Task details. Pictures must not appear in the copy. Restate exactly the lines below from the one with "虎眼石と縞黒檀の組み合わせは" through the one with "In der nachfolgenden", inclusive.

Record set.
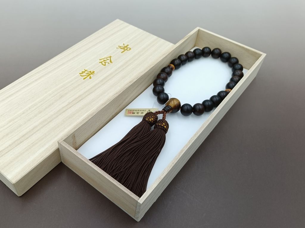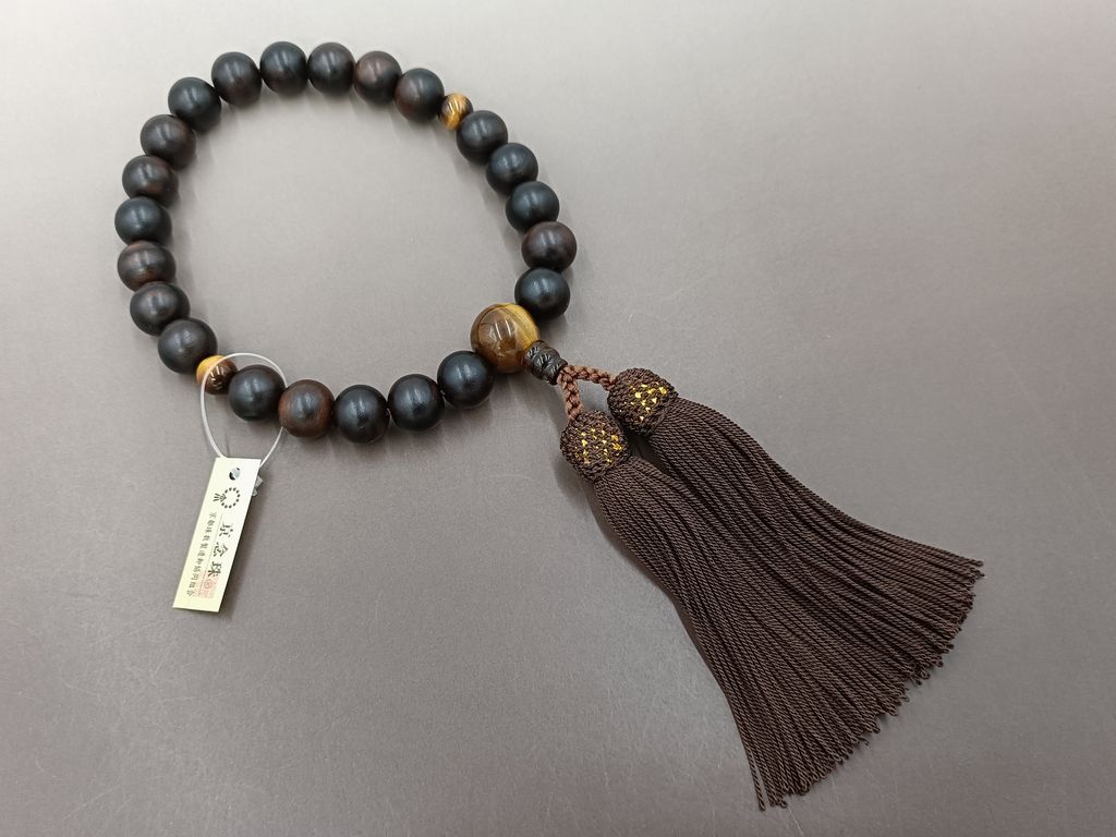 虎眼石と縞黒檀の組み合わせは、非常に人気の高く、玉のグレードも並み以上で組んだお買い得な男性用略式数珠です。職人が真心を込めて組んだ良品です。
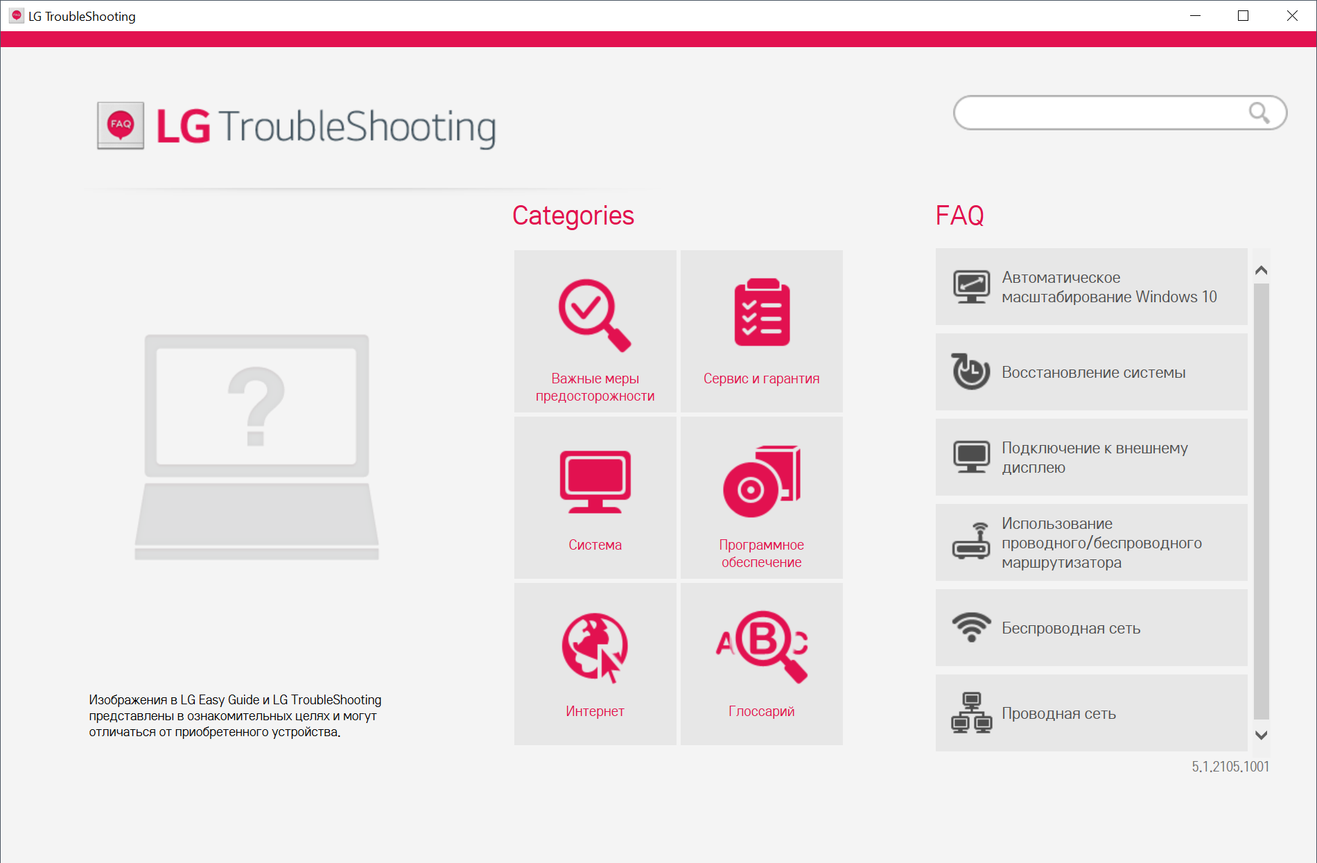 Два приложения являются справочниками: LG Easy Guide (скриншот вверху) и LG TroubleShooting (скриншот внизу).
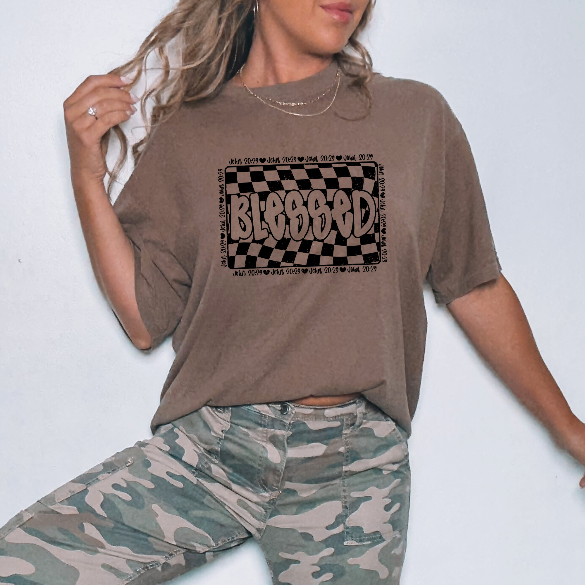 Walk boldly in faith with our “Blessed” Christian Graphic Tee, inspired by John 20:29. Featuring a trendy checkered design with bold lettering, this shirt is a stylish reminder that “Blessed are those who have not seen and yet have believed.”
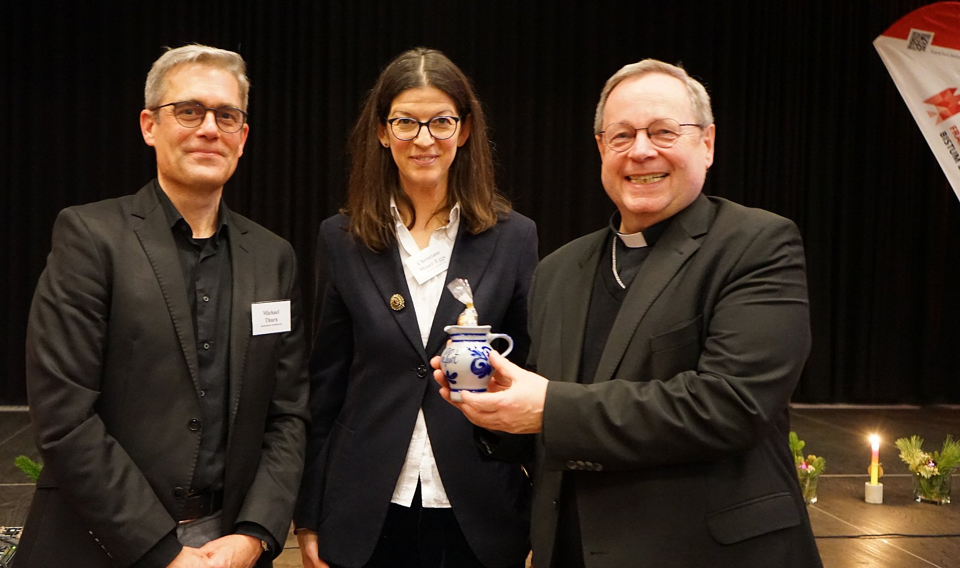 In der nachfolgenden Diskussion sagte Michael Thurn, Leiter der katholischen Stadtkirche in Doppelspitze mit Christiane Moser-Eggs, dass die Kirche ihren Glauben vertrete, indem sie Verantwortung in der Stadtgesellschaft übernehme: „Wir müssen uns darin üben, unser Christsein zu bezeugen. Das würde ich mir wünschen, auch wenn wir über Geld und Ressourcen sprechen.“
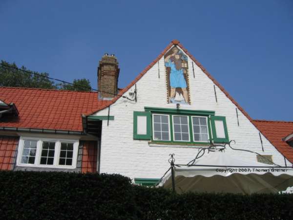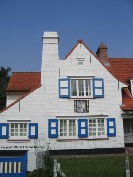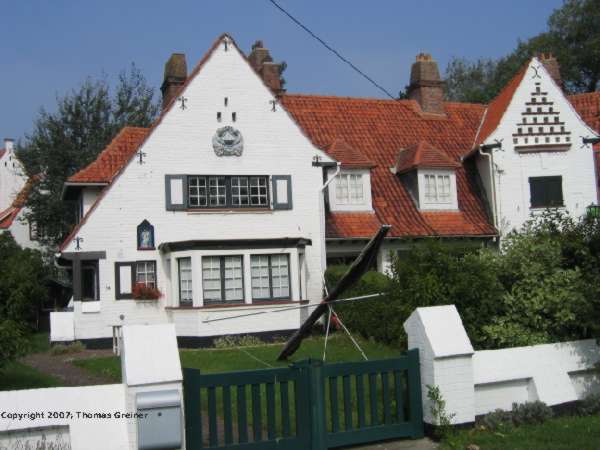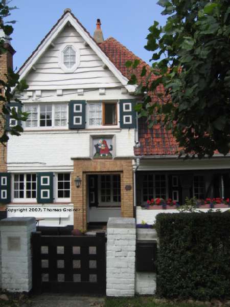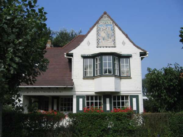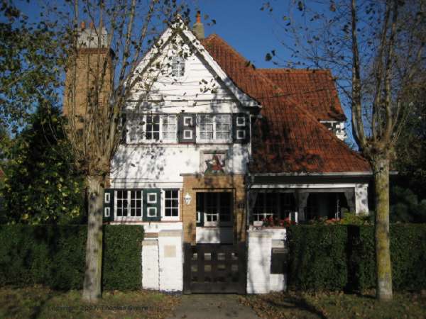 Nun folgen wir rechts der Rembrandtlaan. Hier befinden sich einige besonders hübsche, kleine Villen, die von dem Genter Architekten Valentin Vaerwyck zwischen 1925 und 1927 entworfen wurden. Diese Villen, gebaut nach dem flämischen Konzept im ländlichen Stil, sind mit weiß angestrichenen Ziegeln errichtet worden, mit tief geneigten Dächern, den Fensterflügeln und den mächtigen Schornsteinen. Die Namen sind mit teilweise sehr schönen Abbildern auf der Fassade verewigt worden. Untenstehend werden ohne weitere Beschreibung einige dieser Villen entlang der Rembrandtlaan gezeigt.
==
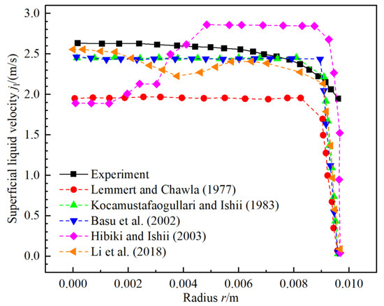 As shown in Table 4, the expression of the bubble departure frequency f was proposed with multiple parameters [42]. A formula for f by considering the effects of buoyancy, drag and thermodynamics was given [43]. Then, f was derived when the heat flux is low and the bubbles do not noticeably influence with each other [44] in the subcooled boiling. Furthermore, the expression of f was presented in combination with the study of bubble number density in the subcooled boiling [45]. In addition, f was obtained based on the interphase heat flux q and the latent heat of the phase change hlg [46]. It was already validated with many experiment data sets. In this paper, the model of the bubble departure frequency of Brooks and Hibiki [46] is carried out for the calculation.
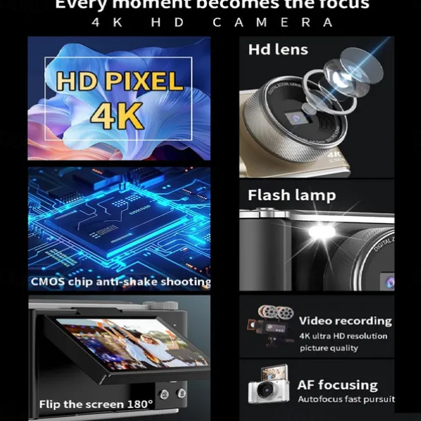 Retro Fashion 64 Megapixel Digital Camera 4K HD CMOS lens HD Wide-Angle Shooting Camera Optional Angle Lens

Result.
 虎眼石と縞黒檀の組み合わせは、非常に人気の高く、玉のグレードも並み以上で組んだお買い得な男性用略式数珠です。職人が真心を込めて組んだ良品です。
 Два приложения являются справочниками: LG Easy Guide (скриншот вверху) и LG TroubleShooting (скриншот внизу).
 Walk boldly in faith with our “Blessed” Christian Graphic Tee, inspired by John 20:29. Featuring a trendy checkered design with bold lettering, this shirt is a stylish reminder that “Blessed are those who have not seen and yet have believed.”
 In der nachfolgenden Diskussion sagte Michael Thurn, Leiter der katholischen Stadtkirche in Doppelspitze mit Christiane Moser-Eggs, dass die Kirche ihren Glauben vertrete, indem sie Verantwortung in der Stadtgesellschaft übernehme: „Wir müssen uns darin üben, unser Christsein zu bezeugen. Das würde ich mir wünschen, auch wenn wir über Geld und Ressourcen sprechen.“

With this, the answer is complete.